A number of studies have attempted to determine the frequency of homosexuality, although these studies have struggled with the complexity of sexual orientation. Is homosexuality defined by same–gender attraction, same–gender sexual activity, self–identification as LGB, or something else altogether? Studies have reported the frequency of homosexuality in several ways to capture the complexity of defining sexual orientation. For example, while Kinsey reported that 30 percent of the male population had incidental homosexual experiences or reactions at some point in their lives, only four percent of the male population was exclusively homosexual throughout their lives . Because our research relies on public self–identification of same–gender interest in Facebook profiles as a sentinel value for LGB identity, Table 1 shows only frequency of homosexuality statistics with a high standard for determining homosexuality, such as same–gender sexual identity or primarily same–gender sexual activity. We assumed that Facebook users are unlikely to identify publicly a same–gender interest in their profiles because of a single homosexual experience, for example.
Table 1: Frequency of homosexuality.
Note: These statistics are specifically gathered from the United States.
Study (Year) Men Women Kinsey, et al. (1948; 1953)
primarily same–gender sex (includes bisexuals)
13.0% 7.0% Laumann, et al. (1994)
same–gender sexual identity (includes bisexuals)
2.8% 1.4% Sell, et al. (1995)
same–gender sex since age 15 (includes bisexuals)
When put in the context of Table 1, the fact that lesbians and gay males draw 55 percent of their close friends from the LGB community, while heterosexuals and bisexuals draw four percent, strongly suggests a correlation of LGB individuals’ having more LGB friends.
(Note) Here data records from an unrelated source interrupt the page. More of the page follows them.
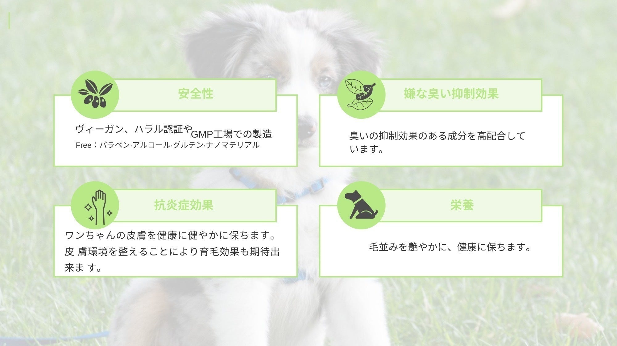 また、臭いを抑制する成分を高配合しており、愛犬を清潔に美しく保ちます。
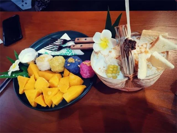 沒想到吧,糯米飯竟然還能和芒果組成新cp。這道具有泰式風格的美食,既可以是一道主食也可以是一道特色甜點,粉色、藍紫色、白色、黃色的糯米飯團被大塊的芒果團團包圍,光是看著就非常有食欲,先來一勺米飯配上芒果,吃出芒果糯米飯的原汁原味,之后再澆上備好的椰漿,即使是在冬天,你也能吃出一種夏日在芭提雅的度假之感。
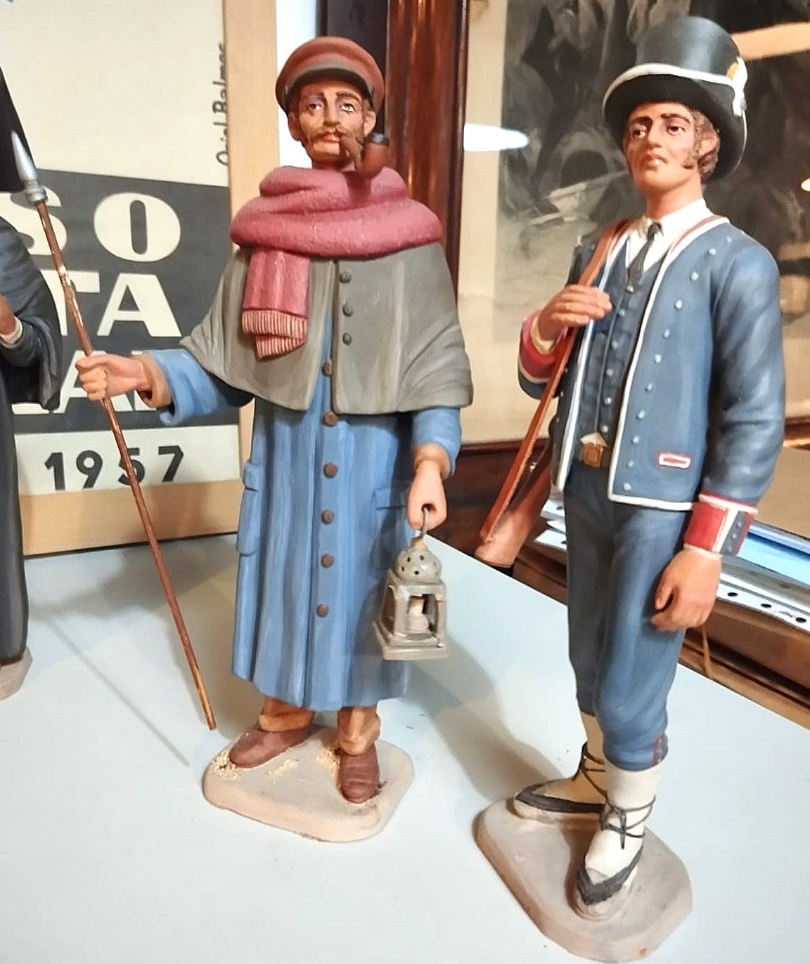 Finalmente, algo de boato. El sereno con chuzo, al que se le puede cambiar el chuzo por un bastón y la linterna por una maleta y hace de mozo de cuerda, y el Mosso d’Esquadra que vigila la Plana de Vic contra los bandoleros, en su uniforme decimonónico que es el que llevaban cuando yo era pequeño, en los días de gala, los guardias del Palacio de la Diputación Provincial, ahora Palau de la Generalitat.
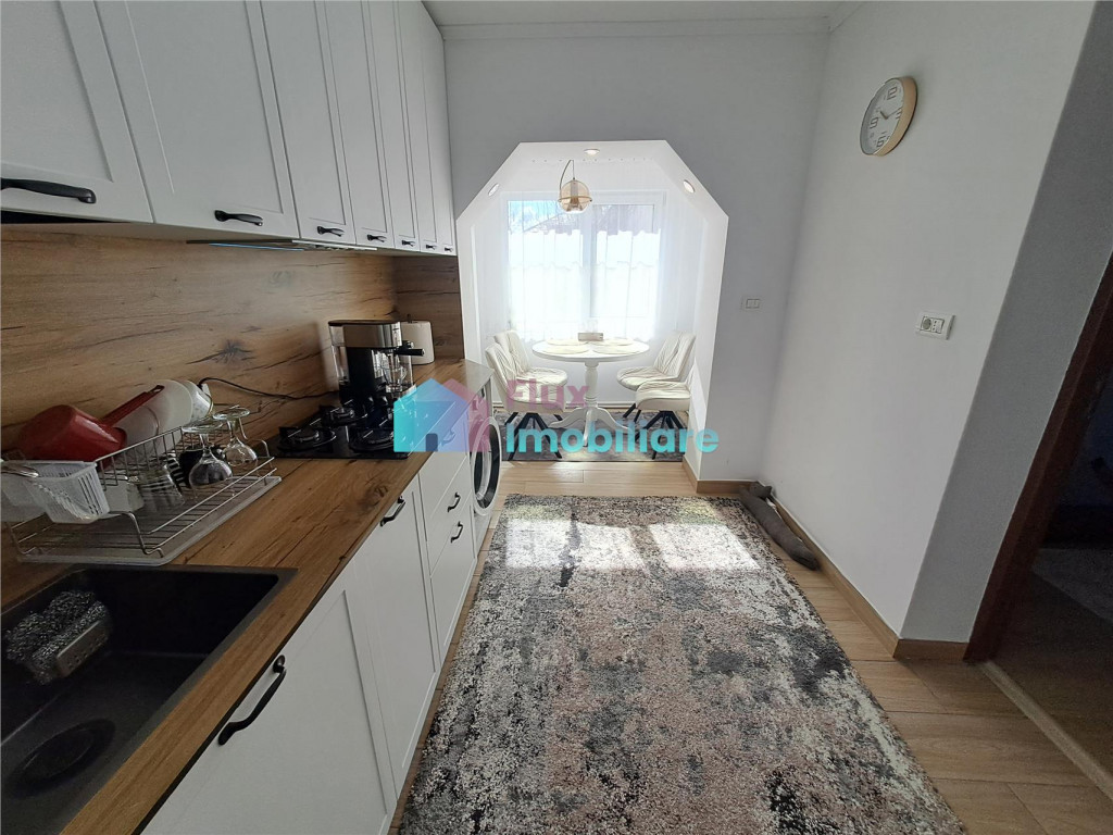 Flux Imobiliare va propune spre vanzare o casa individuala in Tisauti construita din caramida, cu izolatie din polistiren de 10 cm tencuiala decorativa. Se afla la strada asfaltata si iluminata, avand acces facil spre punctele de interes local: scoala, gradinita, primarie, magazine. Proprietatea dispune de suprafata de 255 mp teren imprejmuit cu gard metalic fundatie de beton placata. Casa are amprenta la sol de 110 mp, iar diferenta pana la 255 mp este formata din curtea amenajata cu pavele, gazon si arbusti ornamentali. Langa casa a fost construita o magazie foarte utila pentru depozitarea diferitelor obiecte sau unelte folosite in gospodarie. Imobilul are suprafata utila de 160 mp, cu parter etaj, fiind compartimentat astfel: - la parter: living spatios, loc pentru servit masa, bucatarie, hol, baie cu cada, vestibul. - la etaj: 3 dormitoare, dressing, hol, balcon Casa este racordata la toate utilitatile (apa si canalizare de la reteaua publica, energie electrica si gaz, incalzirea fiind asigurata de o centrala termica pe gaz calorifere. Locuinta se vinde mobilata complet (inclusiv perdele si covoare) si utilata partial. Icirc;n pretul de vanzare nu sunt incluse televizoarele, frigiderul si fotoliul de masaj. Pret 157000 euro negociabil. Se accepta si un schimb diferenta, cu apartament cu 3- 4 camere, in oras, la etajul 1 sau 2.
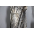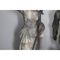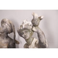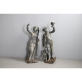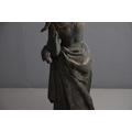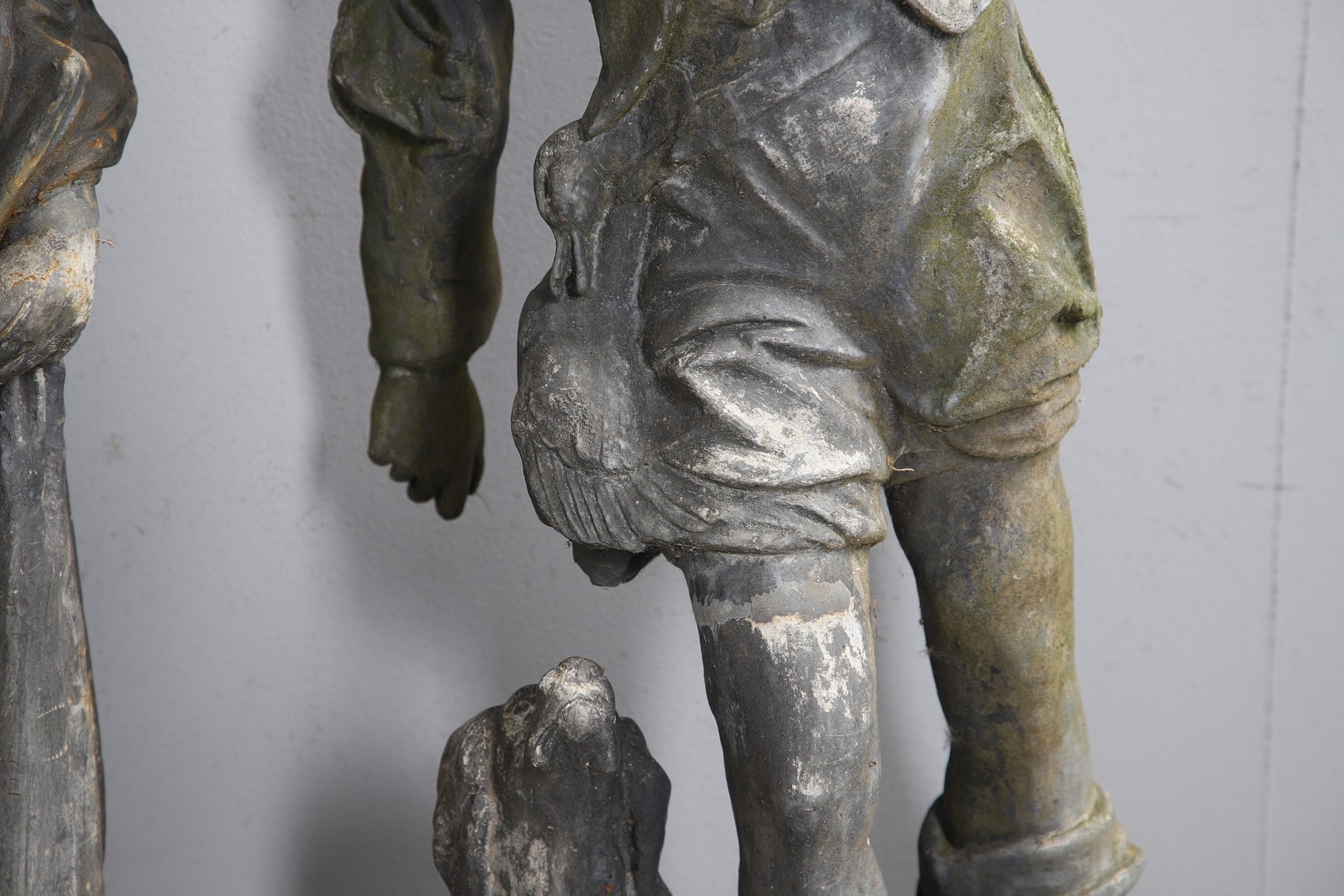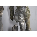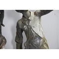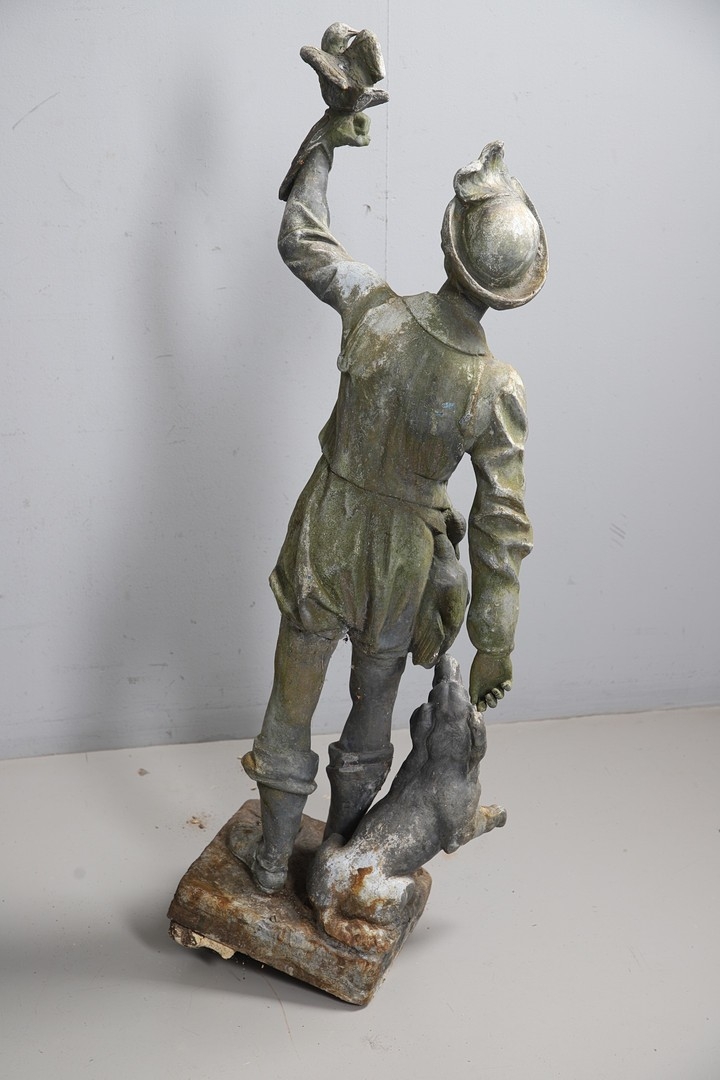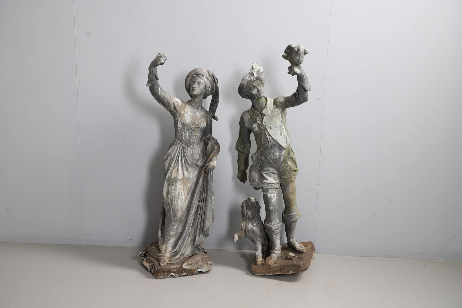 A PAIR OF 19TH CENTURY LEAD GARDEN FIGURAL STATUES. possibly Lowlands, modelled as a Lady in her Medieval style finery, and a Gentleman with outstretched arm holding a bird, dead game to his waist and a spaniel at his feet, height 107cm, width 40cm (at widest point).
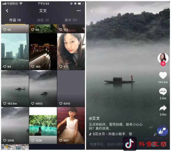 而最后火起来的视频选用了“镜花水月”主题的东方音乐,旋律空灵,极其符合雨后雾气蒙蒙的画面,让人联想到“孤舟蓑笠翁”、“一蓑烟雨任平生”等诗句,美感异常强烈。
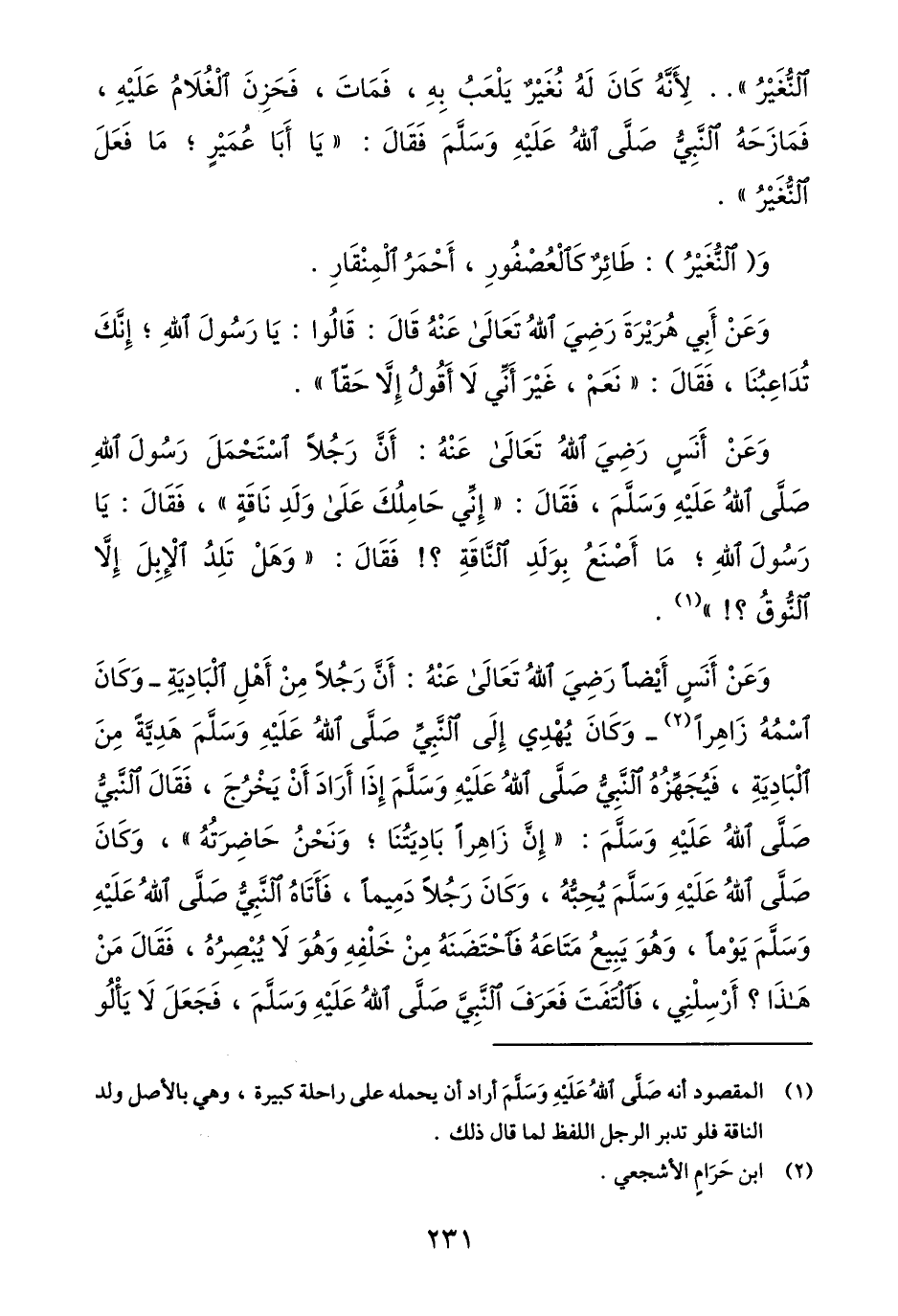 (1) المقصود أنه صلّى الله عليه وسلّم أراد أن يحمله على راحلة كبيرة، وهي بالأصل ولد الناقة فلو تدبر الرجل اللفظ لما قال ذلك.
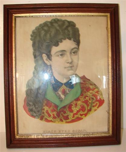 FRAMED COLORED LITHOGRAPH. Depicts a female with dark hair. Titled “Black Eyed Susan”. 13.25” x 16.5” framed.
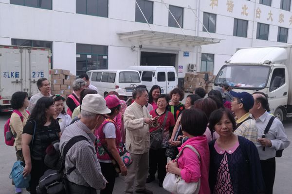 句容茅山脚下的江苏北台壁纸公司,是一家专门从事壁纸研发和生产的台资企业,也是本次交流活动中参观的第一家台资企业。公司董事长伍祖坚是台湾新北人,听说有家乡的乡亲来公司参观,便早早迎侯在厂门口。他乡遇故知,浓浓的乡音让他来不及自我介绍,便被交流团员们抱成一团。参观公司产品陈列室、生产流水线,从公司的起步、发展到未来公司的规划,从大陆改革开放带给台商的机遇到大陆各级政府部门的服务,从大陆的快速掘起到岛内政治纷争和经济衰退,伍祖坚娓娓道来,赢得乡亲们的阵阵掌声。伍祖坚告诉大家,现在自己已经退休了,工厂的事交由两个儿子负责,大陆是一个广阔的天地,要让年轻人来大陆感受和锻炼。随后几天的交流行程,年逾七旬的伍老还陪着大家主动当起了向导。
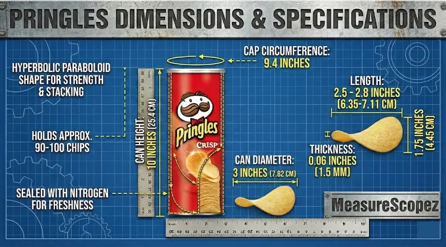When you grab that iconic Pringles container, understanding its dimensions becomes essential for storage and planning. This unique cylindrical vessel measures about 10–inches tall with a diameter close to 3–inches, specific measurements that have been carefully engineered by the brand since its introduction in 1968. The functional design maximizes freshness while holding your favorite flavor options like Original, BBQ, or Sour Cream & Onion chips.
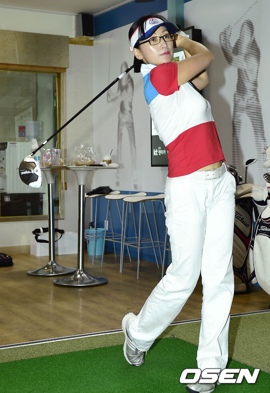 오미영(45, KLPGA)이 드라이버 티샷을 하고 있다.
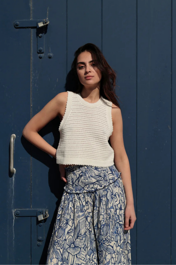 Top voller Charme und Weiblichkeit. Hergestellt aus weißem Baumwoll-Crochet, verfügt es über einen runden Ausschnitt, der seine Schlichtheit betont.
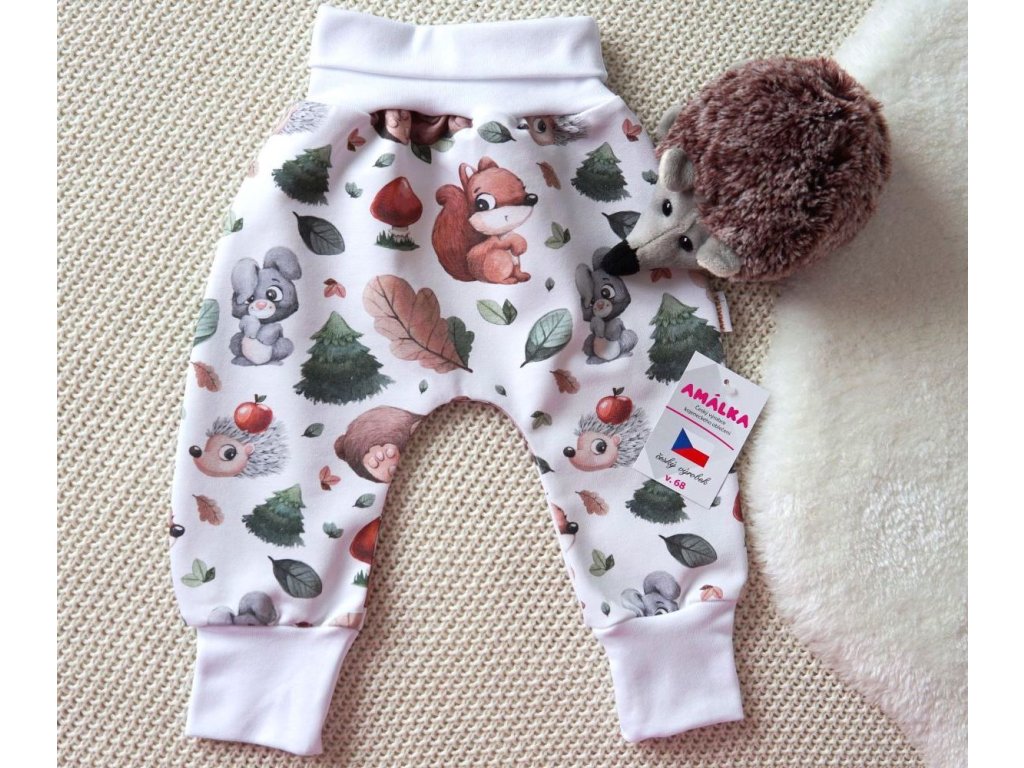 Elastické kalhoty teplákovina, zvířátka v lese
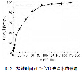 由圖可知,吸附初期吸附速度較快,前20 分鐘Cr(VI) 去除率由0 增至48.2%,20 ~120 min Cr-(VI) 去除率增加變緩,120 min 時Cr(VI) 去除率為96.6%,之后溶液中Cr(VI) 去除率變化不大。這是由于吸附初期大量的吸附位點對Cr(VI) 有強烈的吸引,隨著時間的延長Cr(VI) 去除率隨時間的變化趨緩,并最終達到吸附平衡。為保證吸附達到平衡,后續實驗選擇吸附時間為180 min。
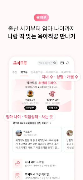 아래는 육아크루 - 동네 육아친구 찾기, 우리 동네 육아앱 어플에 대한 스크린샷 정보입니다.
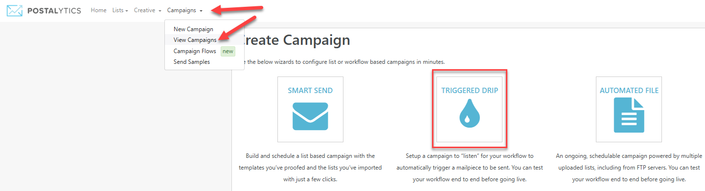 Begin by selecting: Campaigns in the top menu selection, then click “New Campaign” > “Triggered Drip”.
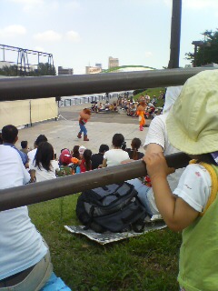 と手を振り叫び、唄に合わせてお尻を振ってました。(後ろから見たので)

There are a number of possible explanations for such self–segregation phenomena. For example, people are already geographically separated, which therefore reduces opportunities for people to interact with others in different locales. Another theory is that individuals like to reinforce their self–identities, behaviors, and attitudes by associating with people similar to themselves. Regardless of their origins, homophily patterns are likely self–sustaining because family, friends, and other associates exert pressure to conform to their norms . This phenomenon is known as “social proof.” 
Taking a step back, if equal status contact is such a persistent empirical regularity in social relationships, how might such self–segregation manifest itself in online social relationships? As noted, people who identify as lesbian or gay have nearly an order of magnitude more close LGB friends than heterosexual individuals, so how does this fact then scale up and have any significance in a social networking system like Facebook, where a person may have hundreds of “friends?”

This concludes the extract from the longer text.